Dr. Phil Reruns Two Catfish Tales on Match.com
All information about Denver matchmaking services has come directly from either printed reviews and material already online and/or from callers or clients. This is not my personal review.
What is “catfishing”? The loose definition is a person (possibly from Nigeria but not necessarily) who puts a fake profile on an Internet dating site (usually Match.com as it’s the most widely known) to meet people who they proceed to suck money from. In my opinion anyone who is crazy enough to start sending money to people they know nothing about and met online has some problems. But this is more about fraud, deception and thievery by the “catfish”. You will never, to my knowledge, find this practice going on in local brick and mortar Denver matchmaking services.

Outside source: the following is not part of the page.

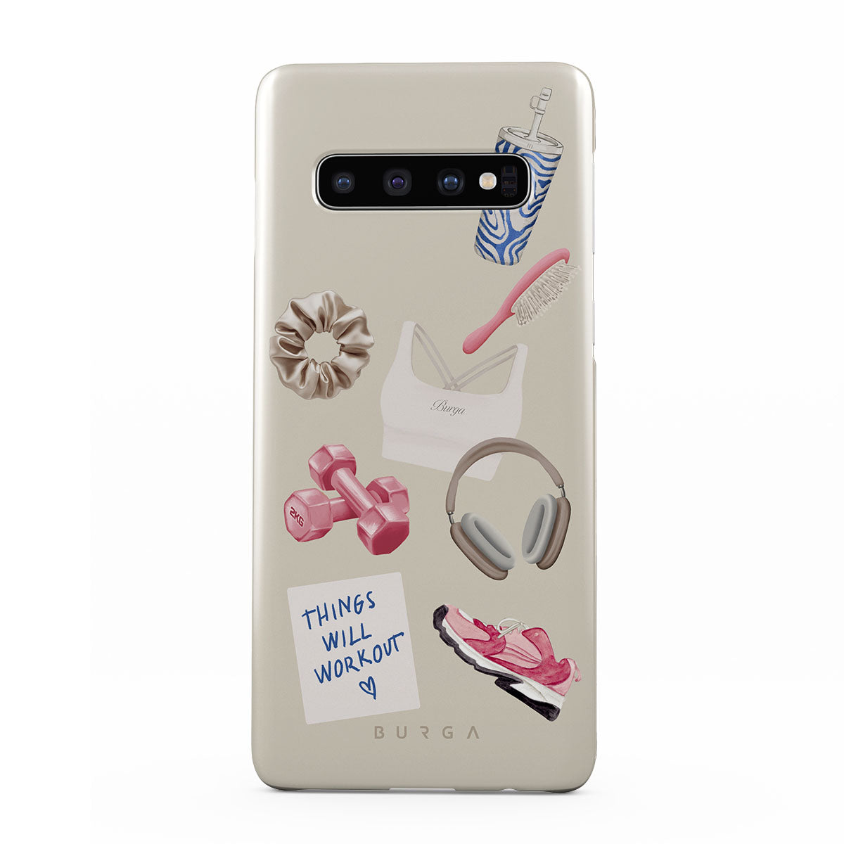 En este diseño: pesas, auriculares, termo, cepillo para el cabello, zapatillas rosas, sujetador deportivo, barrita Crunchie, nota adhesiva "Things Will Work Out".

Dr. Phil reran two stories about both male and female catfish on his show last week. I have seen that story both times. When you use an Internet dating site that is one of the pitfalls, amongst a million others, that can happen. The minute someone you don’t know asks for money STOP STOP STOP and disconnect from them! I don’t care how lonely you are, how desperate you are, how much you WANT to believe them, STOP AND DISCONNECT! One woman who was catfished gave the guy $185,000, another woman $30,000 and some guys fell for fake pictures and gave away between $30K and $50K.
Obviously you have a responsibility to show common sense by not sending money, gift cards or anything else to people on dating sites or anywhere else for that matter. But this practice is prevalent on Match.com especially because of it’s notoriety.